I am a long time Sinn owner who has inexplicably developed a burning desire to acquire a Mühle Glashütte piece. To give an idea of my tastes, I have the following Sinns: 856 UTC, EZM2, U1, 142 St ll and 358 Diapal. I was first attracted to Mühle by the SAR Timer Anniversary edition but have not been able to locate one. Absent the actual piece I am looking for what would be your recommendation for a first Mühle? Are there any models to avoid? Any pros/cons as compared to Sinn?


----------



## Nokie (Jul 4, 2011)

They are comparable, IMHO, and overall a great watch. Excellent build quality, fit and finish. 

As for the types of models, really to each his own. IMHO, they are all very well made regardless of the model. 

The SAR is very popular but does tend to wear big if you have smaller wrists. 

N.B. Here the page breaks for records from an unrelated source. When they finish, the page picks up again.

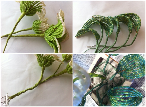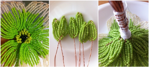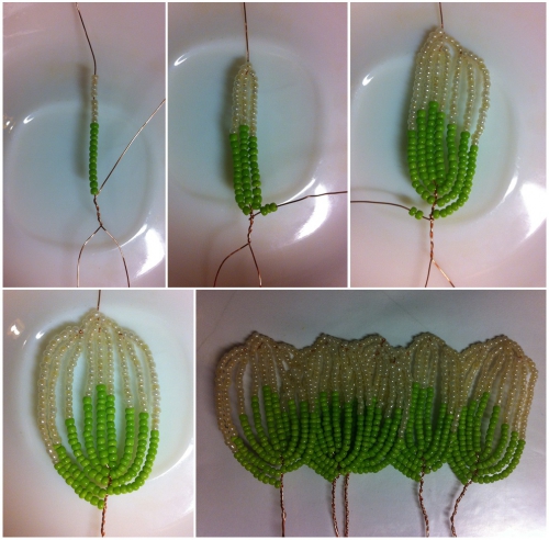 Бутон виготовляється з бісеру двох кольорів білого і світло зеленого, тому низьку не готуємо, а відрізаємо дріт на довжину близько 70-80 см. Дотримуючись основної схеми, готуємо вісь з 7 зелених і 7 білих бісерін. Дріт і вісь перекручуємо. Потім починаємо виплітати дуги – при цьому кількість зелених та білих бісерін варіюється в різних пропорціях (див. фото нижче). Кут між віссю і низькою повинен становити 45 градусів. Таким чином, робимо 3 дуги. Готовому листу надаємо гостру форму. Дріт в вершині листа (вісь) акуратно подгибается і обрізається.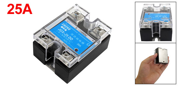 Product Name Solid State Relay Type JGX-25DD Material Metal, Plastic Rated Load Current 25A Input DC 3-32V Output DC 5-110V Mounting Hole Size Small Dia:4.5mm/0.2"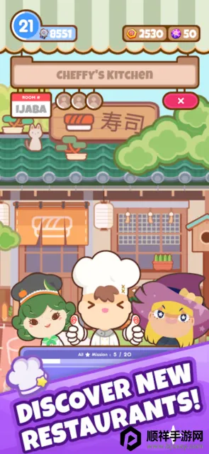 4. 玩法自由,能在不同场景制作美食,通过休闲放置随时赚金币,还可不断扩展业务开分店。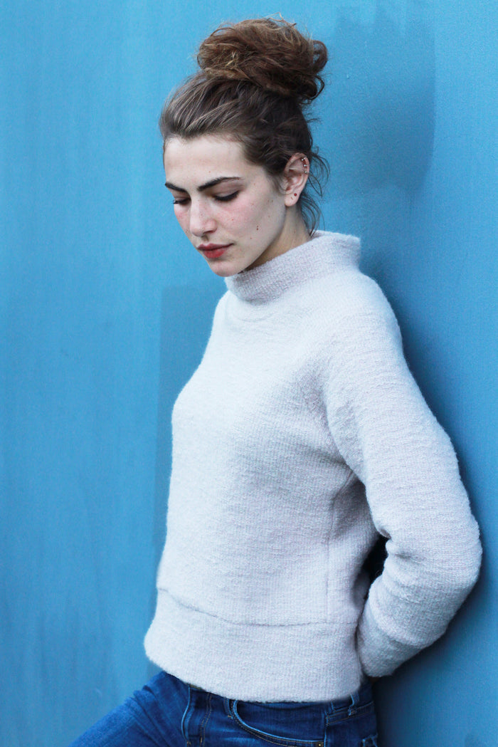 Sweater #1: Is a closer fitting, semi-cropped sweatshirt/sweater. It works best when sewn in thick, stiff knits with some body to keep the neck standing upright. It features raglan sleeves, a wide waistband, a loose turtleneck, long cuffs and falls between the high and low hip. It’s great in a standard sweatshirt fleece (with stretch) however, it’s also extremely handsome in a sweater knit to dress it up a bit.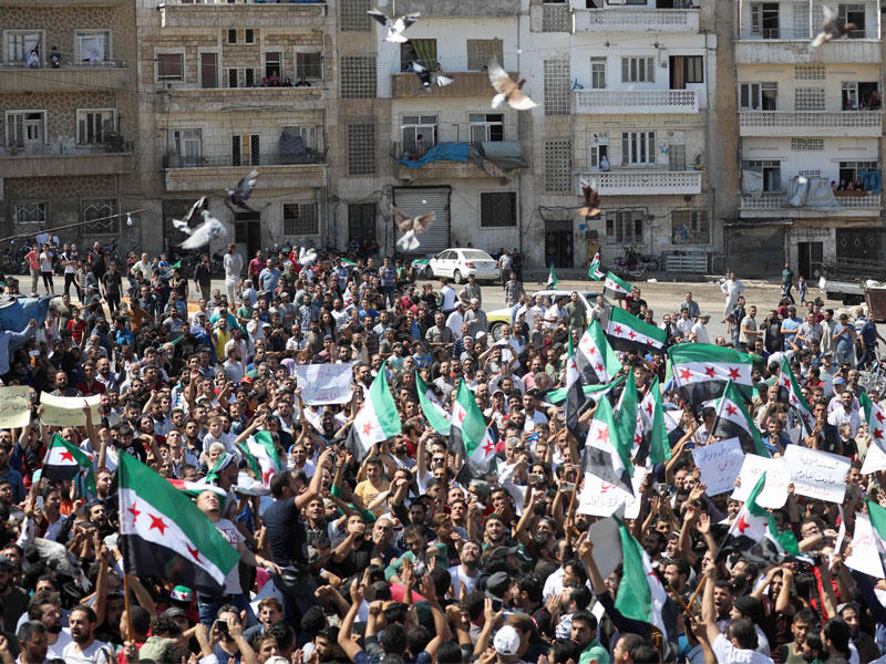 وتزامنا مع قمة طهران، تظاهر آلاف المدنيين في مدينة إدلب في مدن وبلدات عدة في المحافظة، كما في ريفي حلب وحماة المجاورين، رفضا لهجوم وشيك لقوات النظام على مناطقهم، معولين على الجهود التركية لتجنيبهم خيار الحرب. وندد المتظاهرون خلال اعتصامهم بالقمة الثلاثية، مؤكدين أن مصير منطقتهم لا يمكن أن يحدد في طهران. ورفع المشاركون رايات المعارضة السورية، ورددوا هتافات مطالبة بإسقاط النظام.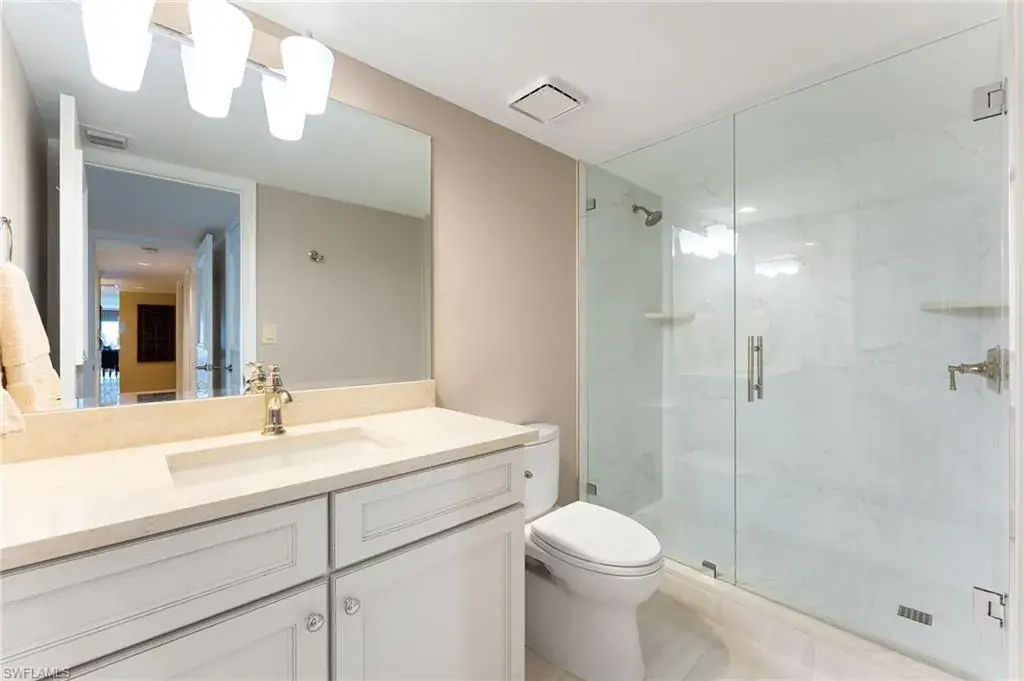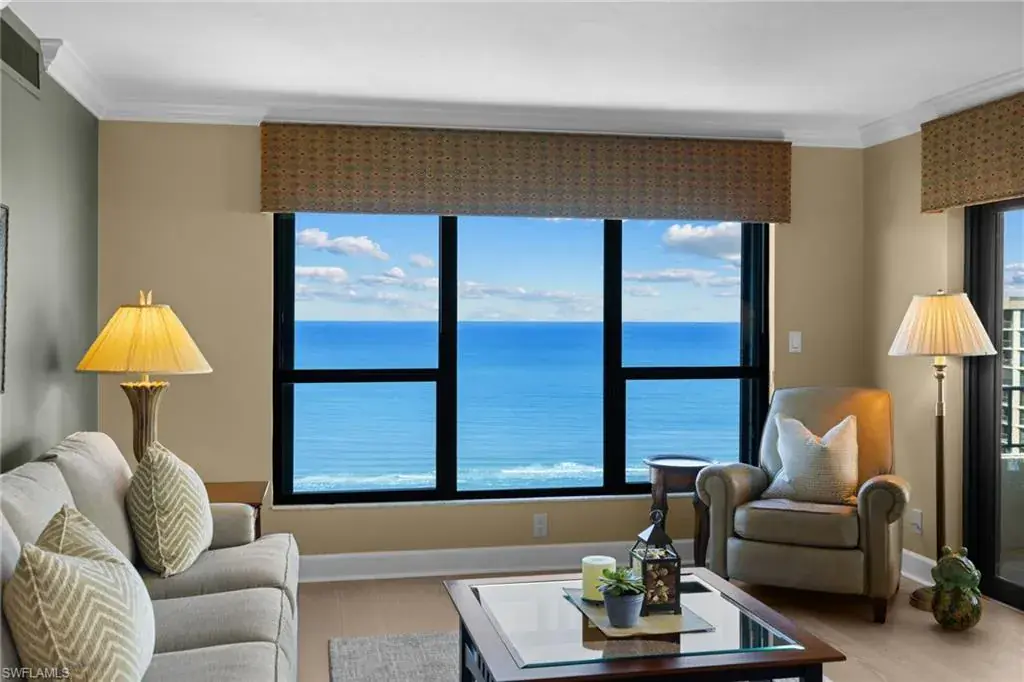 Each bedroom is thoughtfully designed with large custom walk-in closets, while the recently updated bathrooms boast marble finishes, double sinks, and designer fixtures. The Owners suite offers a serene retreat with its luxurious amenities and spa like feel. This immaculately maintained unit has impact hurricane rated doors & windows, and newer a/c and water heater provide ease of maintenance. Residents of the Solamar enjoy an array of amenities, including a gym, beautifully renovated pool area, formal social room, a casual resident’s lounge, commercial grilling area, paddle board storage, tennis courts, pickle ball and shuffleboard. Security is paramount with a full-time doorman, security staff, and patrol. Parking is a breeze with an attached secure garage, and ample guest parking available. Experience the pinnacle of Naples living with concierge services and a vibrant community atmosphere. This condo is a true gem, offering a lifestyle of comfort and sophistication. Exquisite dining and shopping at Venetian Village are within walking distance. For those wishing to spend time on the water private boat storage and rental is available across the street at the marina. Solamar sits directly on the Park Shore promenade, a private 1.3-mile paved path to stroll along the beach. Owners may have a pet under 30 pounds and lease two times per year with a 90-day minimum. One of the best built properties in Park Shore you can also be confident knowing Solamar sustained no damage from recent storms, there are no upcoming assessments, and the building is in solid financial standing. Furnishings are negotiable, so you can move right in and enjoy the Naples lifestyle!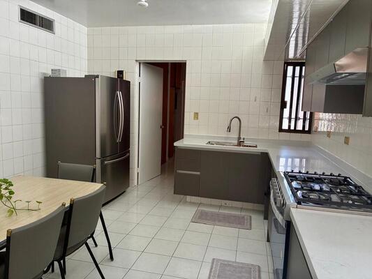 La casa se renta amueblada, tiene un diseño muy agradable, espacios amplios y techos altos.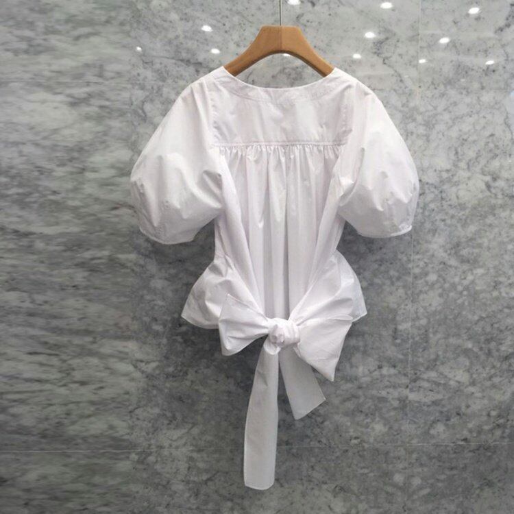 新品 バックリボンシャツブラウス大人女子☆♡★Vネック ⦿韓国 オルチャン K-pop アイドル ジャケット スーツ ワンピース カーディガン ニット フーディー トレーナー キャミソール スカート シャツ ブラウス 5B1536427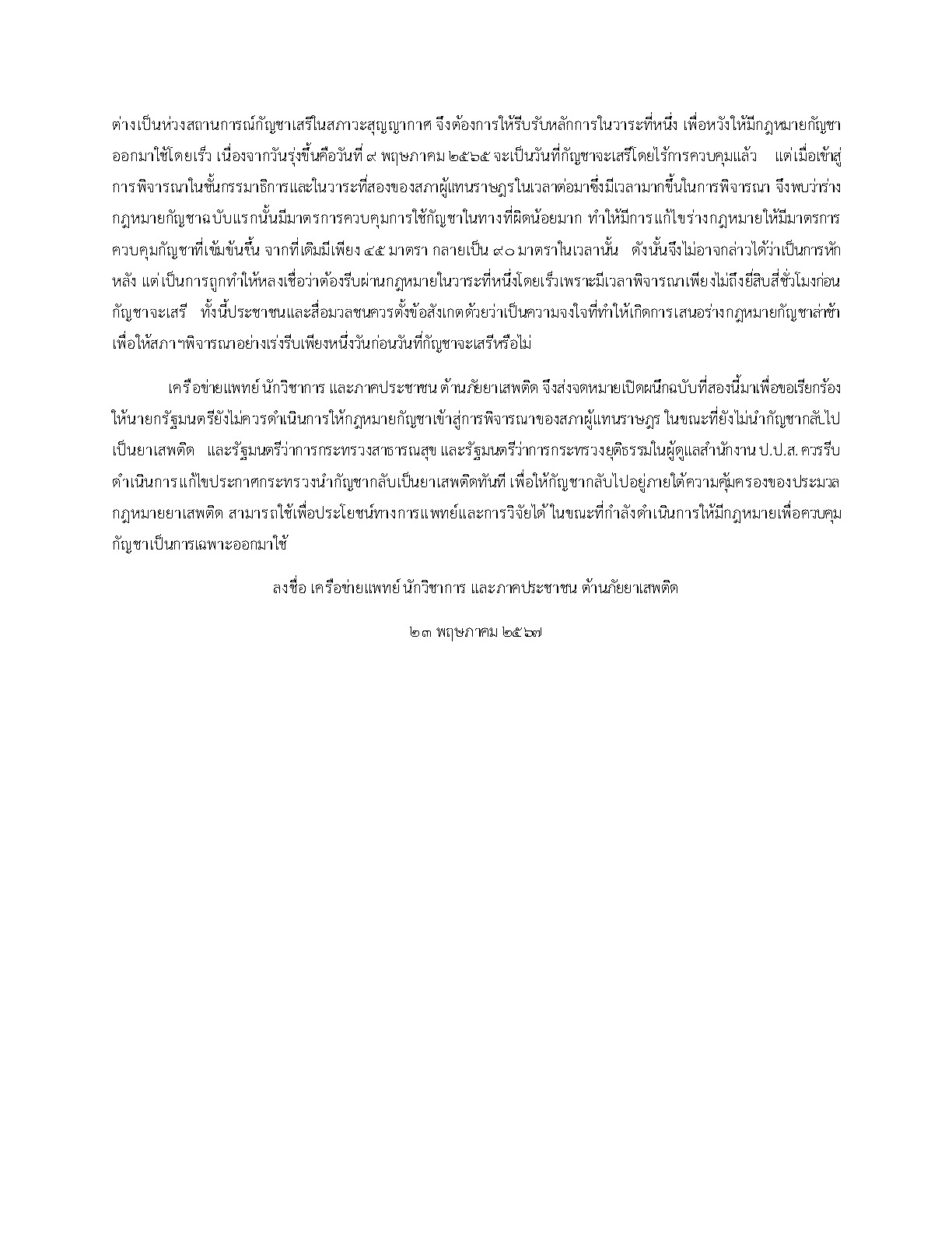 ของสภาผู้แทนราษฎรโดยเร็ว โดยให้เหตุผลว่ากัญชาไม่ควรถูกน กลับไปเป็นยาเสพติด แต่กัญชาควรถูกควบคุมด้วยกฎหมายกัญชาในระดับพระราชบัญญัติ (พ.ร.บ.) เป็นการเฉพาะนั้น ทางเครือข่ายแพทย์ นักวิชาการ และภาคประชาชน ต้านภัยยาเสพติด ขอเสนอให้นำกัญชากลับไปเป็นยาเสพติด ในระหว่างด เนินการให้มีกฎหมายกัญชาเป็นการเฉพาะ ด้วยเหตุผลสี่ประการดังนี้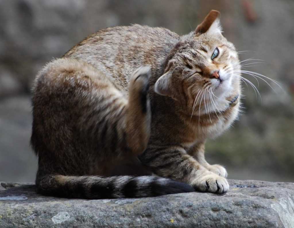 - Сильно чешет место боли, применяя когти и царапая тонкий слой кожи;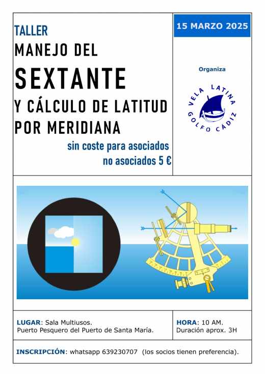 El pasado 15 de marzo, la Asociación Cultural para la recuperación de la Vela Latina en el Golfo de Cádiz dio inicio a su ciclo de talleres de 2025 con la actividad Manejo del Sextante y Cálculo de la Latitud por Meridiana. La sesión permitió a los asistentes practicar la toma de alturas con el sextante y realizar los cálculos necesarios para determinar la latitud, despertando un gran interés que superó todas las expectativas.

I have had the TerraSport I and II, and the Big 29er and found them all to be some of the best watches I have owned in terms of price vs quality.


----------



## StufflerMike (Mar 23, 2010)

Terranaut II Trial
Rasmus 2000
Seebatallion
Pro Mare Chronograph


----------



## CM HUNTER (May 16, 2011)

Every brand has their standout piece, and the SAR is that piece for Muhle. It's the one I'd get if I were to only get one. Otherwise, it really depends on your current rotation and the niche needing to be filled.


----------



## nm7273 (Apr 22, 2016)

Thank you all very much for your input. I am proud to report that I am now a Mühleite! Shortly after my post a WUS friend with whom I have done a couple of watch deals contacted me to see if I would be interested in purchasing his SAR Timer Anniversary edition; needless to say, I grabbed it and should have it in my possession by mid-week. I know I will have to replace the rubber strap as his wrists are smaller than mine, can anyone offer a good source for OEM replacement?


----------



## rationaltime (May 1, 2008)

Any authorized dealer should be able to help you. Your nearest dealer
appears to be RightTime in Littleton.


Thanks,
rationaltime


----------



## DaveandStu (Dec 27, 2011)

Rasmus in a fricker is a good thing from my experience..Sinn and a Muhle top stuff. Congrats on your new Sar..Dave


----------



## nm7273 (Apr 22, 2016)

Thanks for all the comments and input. I have ordered a strap which hopefully will arrive the same day as the watch. I'll post pix as soon as I get it. I am excited!


----------



## nm7273 (Apr 22, 2016)

Oh happy day! My SAR Timer Anniversary edition (142/250) arrived just now and it is every bit as nice as I'd hoped for. The replacement strap I ordered arrived last night (in the photo I am wearing it with the diver's extension extended) so I will get the new strap on and adjusted shortly. As a long time Sinn owner I feel compelled to do a comparison but will likely put it off for a day or two to let the Mühle adjust to its new surrounding.


----------



## MaoMauro (Feb 28, 2014)

SAR=MUHLE for me...

Is the full expression of the brand.


----------



## Triman05 (Aug 16, 2013)

*Congrats on your Muhle Glashutte......I recently discovered this brand with my entry piece being the Seebataillon.*


----------